#### TASK INPUT
________
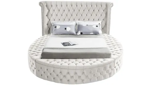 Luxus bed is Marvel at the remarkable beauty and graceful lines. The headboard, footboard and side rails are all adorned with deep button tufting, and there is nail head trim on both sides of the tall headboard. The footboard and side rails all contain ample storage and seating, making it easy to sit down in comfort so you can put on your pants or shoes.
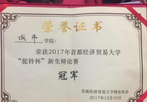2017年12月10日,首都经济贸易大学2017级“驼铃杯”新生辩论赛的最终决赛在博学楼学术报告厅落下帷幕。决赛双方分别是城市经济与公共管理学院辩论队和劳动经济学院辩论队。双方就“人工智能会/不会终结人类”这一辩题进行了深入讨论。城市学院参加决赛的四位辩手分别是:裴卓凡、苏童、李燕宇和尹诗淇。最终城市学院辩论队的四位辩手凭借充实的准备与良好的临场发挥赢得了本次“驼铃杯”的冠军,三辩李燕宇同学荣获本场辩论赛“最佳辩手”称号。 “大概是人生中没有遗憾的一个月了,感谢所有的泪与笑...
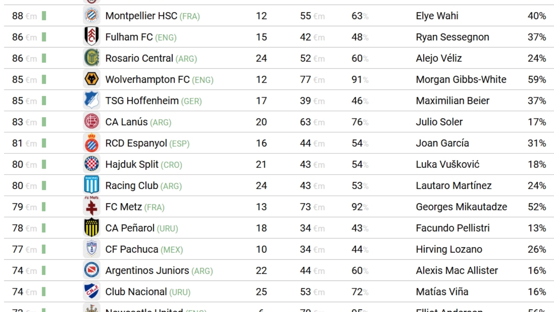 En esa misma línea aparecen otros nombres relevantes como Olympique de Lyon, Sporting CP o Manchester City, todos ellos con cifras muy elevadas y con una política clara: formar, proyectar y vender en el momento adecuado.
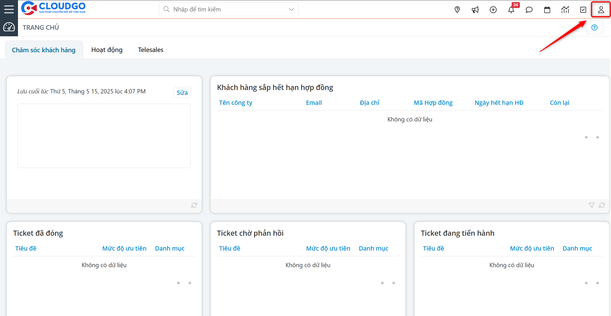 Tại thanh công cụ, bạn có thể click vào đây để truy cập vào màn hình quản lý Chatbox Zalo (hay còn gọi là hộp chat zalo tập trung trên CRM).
________
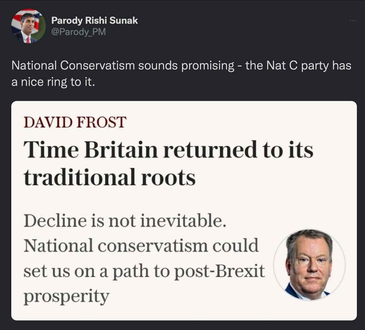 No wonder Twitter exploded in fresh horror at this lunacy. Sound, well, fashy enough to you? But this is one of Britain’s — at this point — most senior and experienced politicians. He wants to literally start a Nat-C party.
________
#### WHAT IS BEING ASKED
Your answer should be the exact lines above from the one containing "Luxus bed is" through the one containing "En esa misma", with both end lines kept and the pictures removed, please.

#### FINAL ANSWER
 Luxus bed is Marvel at the remarkable beauty and graceful lines. The headboard, footboard and side rails are all adorned with deep button tufting, and there is nail head trim on both sides of the tall headboard. The footboard and side rails all contain ample storage and seating, making it easy to sit down in comfort so you can put on your pants or shoes.
2017年12月10日,首都经济贸易大学2017级“驼铃杯”新生辩论赛的最终决赛在博学楼学术报告厅落下帷幕。决赛双方分别是城市经济与公共管理学院辩论队和劳动经济学院辩论队。双方就“人工智能会/不会终结人类”这一辩题进行了深入讨论。城市学院参加决赛的四位辩手分别是:裴卓凡、苏童、李燕宇和尹诗淇。最终城市学院辩论队的四位辩手凭借充实的准备与良好的临场发挥赢得了本次“驼铃杯”的冠军,三辩李燕宇同学荣获本场辩论赛“最佳辩手”称号。 “大概是人生中没有遗憾的一个月了,感谢所有的泪与笑...
 En esa misma línea aparecen otros nombres relevantes como Olympique de Lyon, Sporting CP o Manchester City, todos ellos con cifras muy elevadas y con una política clara: formar, proyectar y vender en el momento adecuado.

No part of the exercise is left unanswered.